Reinforcement Learning from Scratch

20 Theory Notebooks + 10 Real-World Projects + 10 Interactive Streamlit Apps
Every algorithm implemented from scratch using only NumPy and Matplotlib. No black boxes.

Notebooks • Projects • Quick Start • Streamlit Apps • Learning Path

Why This Repo?

Most RL resources either drown you in theory or hand you a black-box library. This repo does neither.

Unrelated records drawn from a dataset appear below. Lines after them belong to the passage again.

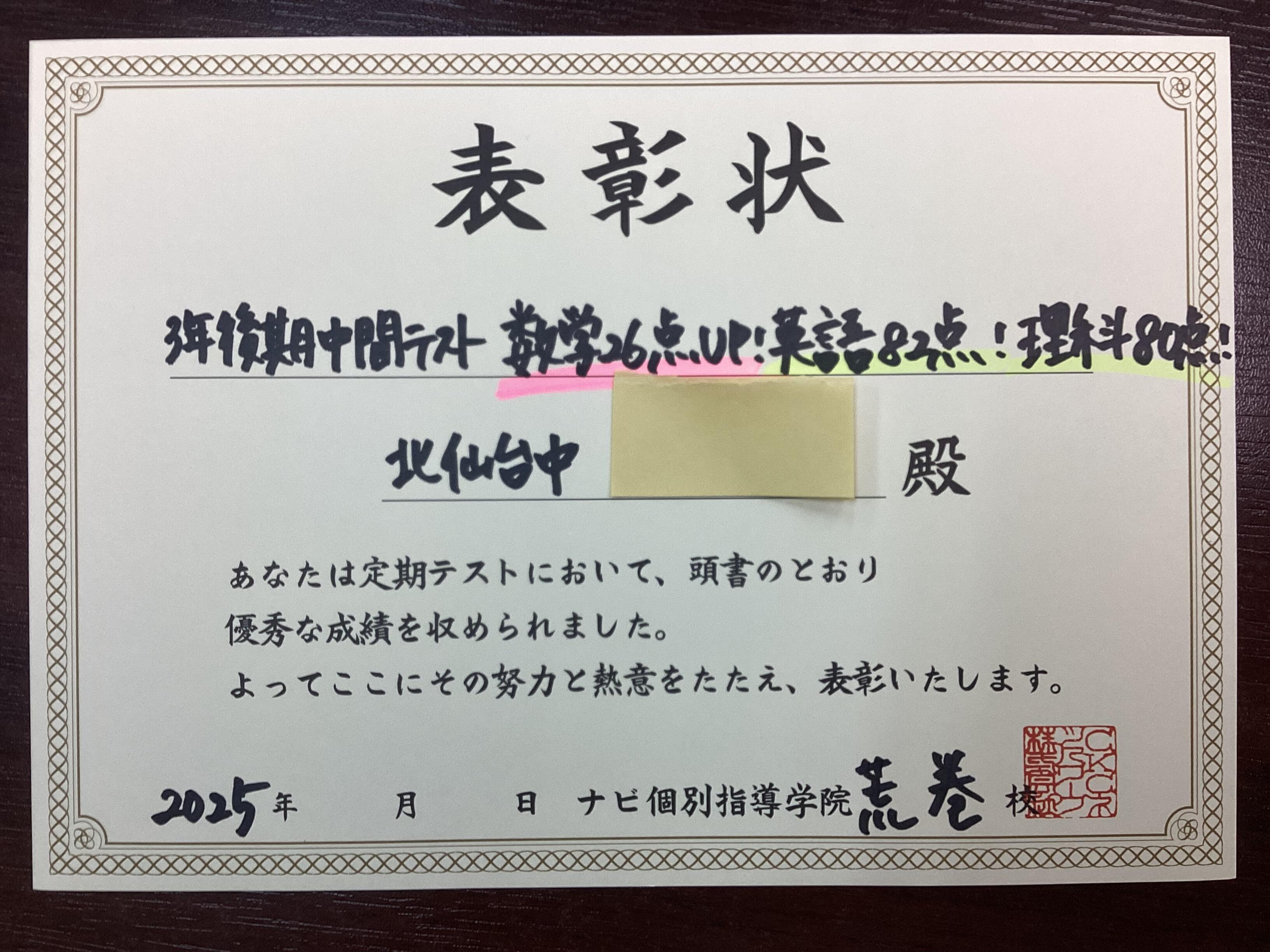 "成績UP事例" 2025 中学3年後期中間テスト✨です!!
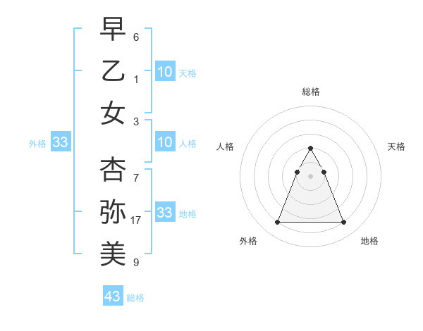 早乙女 杏弥美さんの総格は43画の2点
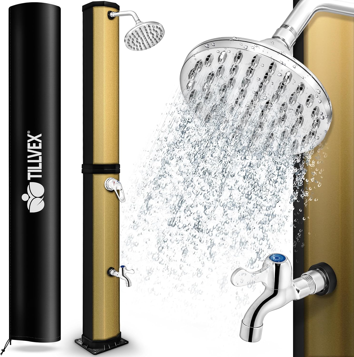 La douche solaire tillvex 35 litres offre une solution simple et autonome pour se rincer en extérieur sans raccordement électrique. Idéale au jardin, au bord de la piscine ou au camping, elle chauffe l'eau grâce à l'énergie solaire jusqu'à 60 ° selon fabricant, pour un compromis pratique entre confort et respect de l'environnement. Le capot de protection et le design haut de 215 cm facilitent l'usage pour toutes les tailles de corps, tandis que le montage se fait rapidement par un raccord vissé au sol.
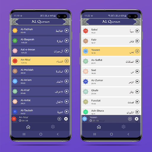 Every Surah will be played back to back automatically. Don't need to tab again and again on every Surah.
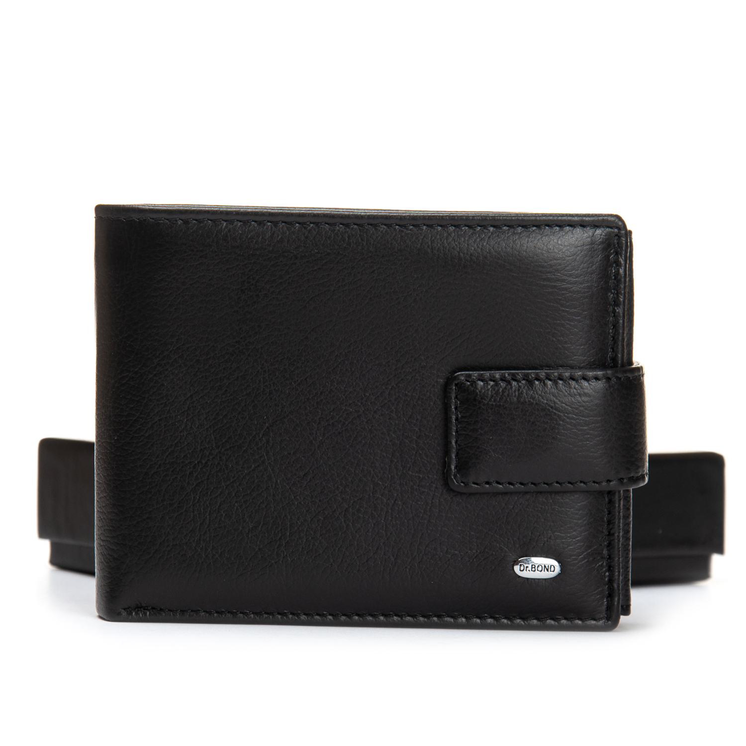Большой мужской кошелек DR. BOND. Изготовлен из мягкой натуральной кожи. Закрывается клапаном со скрытым магнитом. Кожаные перегордки в отделениях для банкнот. Закрывается на клапан. Два открытых и одно на молнии отделение для банкнот. 6 карманов для карт, в откидном блоке два больших прозрачных кармана. Внутренний карман на молнии. Монетница на кнопке.

Every algorithm is implemented from scratch -- you see every gradient, every update, every Q-value
Every concept comes with LaTeX math and plain-English explanations side by side
Every project has an interactive Streamlit app you can play with in your browser
Zero dependency on OpenAI Gym, Stable Baselines, or any RL library -- just NumPy

"What I cannot create, I do not understand." -- Richard Feynman

What's Inside

20 Theory Notebooks

Build your RL foundation from the ground up. Each notebook contains detailed math, step-by-step derivations, and working code with visualizations.

#	Topic	Key Concepts
01	Introduction to RL	Agent-Environment loop, Return, Discount factor
02	Markov Decision Processes	Markov property, MDP tuple, V/Q functions
03	Bellman Equations	Expectation & Optimality equations, Matrix form
04	Dynamic Programming	Policy Evaluation, Policy Iteration, Value Iteration
05	Monte Carlo Methods	First-Visit MC, Importance Sampling
06	Temporal Difference Learning	TD(0), Bias-Variance tradeoff, TD vs MC
07	SARSA	On-policy TD control, Expected SARSA
08	Q-Learning	Off-policy TD, Double Q-Learning
09	N-Step & Eligibility Traces	N-step returns, TD(lambda), Backward view
10	Function Approximation	Linear FA, Semi-gradient TD, Tile Coding
11	Policy Gradient (REINFORCE)	Policy Gradient Theorem, Baseline
12	Actor-Critic	TD error as advantage, A2C
13	GAE	Generalized Advantage Estimation
14	PPO	Clipped objective, KL penalty
15	DQN	Experience Replay, Target Networks
16	Double & Dueling DQN	Overestimation fix, V+A decomposition
17	Experience Replay	Uniform, Prioritized (SumTree), HER
18	Exploration vs Exploitation	UCB, Thompson Sampling, Intrinsic Motivation
19	Multi-Armed Bandits	Regret, Gradient Bandit, Contextual Bandits
20	Model-Based RL	Dyna-Q, MCTS, World Models

10 Real-World Projects

Each project applies RL to a real domain with a detailed notebook, interactive Streamlit app, and comprehensive documentation.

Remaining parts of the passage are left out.